Calakmul is an almost extinct Mayan city. Archaeological excavation area is in Cempeche. Calakmul was discovered in 1931 and in the following years some excavations was made. Sylvanus Morley from Carnegie Institute of Washington studied in Calakmul until 1938. But excavations and discovery studies in the city paused for a long time. Then, studies started again in 1980s. William J. Folan from University of Campeche managed studies from 1982 to 1994.
In 1994 Institute of National Anthropology and History took studies over and they still continue.
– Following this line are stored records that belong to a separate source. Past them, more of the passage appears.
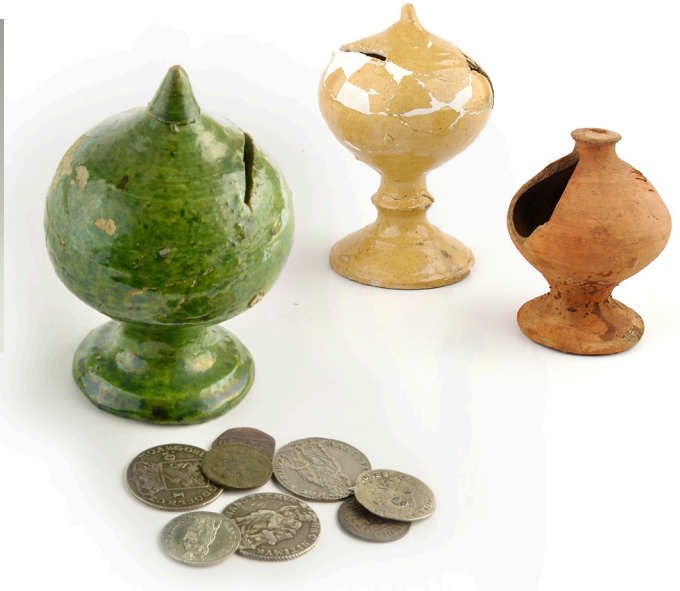
Bol- en uivormige spaarpotten in diverse uitvoeringen, opgegraven in Haarlem.

De geldwisselaar wist precies wat iedere munt waard was en kende de onderlinge verhouding tussen de munten. Ook controleerde hij of er geen valse munten in omloop waren. Daarnaast werd van munten nog wel eens stiekem een klein randje afgeknipt, om zo aan waardevol edelmetaal te komen, en een grotere waarde voor de munt te vangen dan dat hij inmiddels door dat knippen waard was. Daarom werd het gewicht van een munt gecontroleerd met een muntbalans.
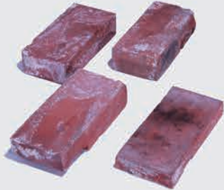
伊勢崎城跡 染色窯に使用されたレンガ
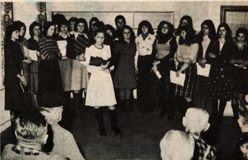
Ob novem letu so dijakinje Ekonomsko administrativnega centra iz Kranja obiskale oskrbovance v Domu Albina Drolca v Preddvoru.
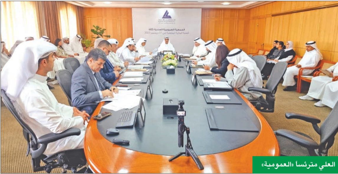
العلي مترئساً «العمومية»

الأحمد: أداء الشركة الإيجابي مالياً واستثمارياً خلال 2023 وفرّ محركاً لأداء أقوى في 2024

While Cyrus Lundell (an American botanist) was studying in Cempeche forests, he encountered the ruins of a Mayan city in 1931. He uncovered sixteen Mayan ruins. Lundell called the city Calakmul whose meaning is “ the city of two united stone-pyramids”. Then, archaeologist have learnt the real name of the city is “Ox Te’ Tuun”.
Calakmul people lived here between the years 600 BC and 900 AC. They completed the constructions of most of the buildings in 240 AC. The city experienced the golden era in the 6th century AC. The welfare period lasted till 9th century AC and the population was about 50 thousand in this period. Calakmul had control over other people living around. So, it affected lives of 1,5 million people.
The biggest opponent of Calakmul was Tikal, another Mayan city which was located in Guatemala (If you want to learn more about Tikal, please click here.). Other Mayan cities like Yaxchilan and Naranjo also knew Calakmul. Archaeologists think that Calakmul allied with these two cities to overthrow Tikal in 6th cantury AC. The struggle of Calakmul brought to a successful conclusion. Calakmul conquered Tikal in 562 AC.
In the early 9th century, the records of Calakmul suddenly stopped. Archaeologists have learnt from the reliefs of Seibal which was another Mayan city that Calakmul was under occupation till the mid 9th century AC. Thank you for reading.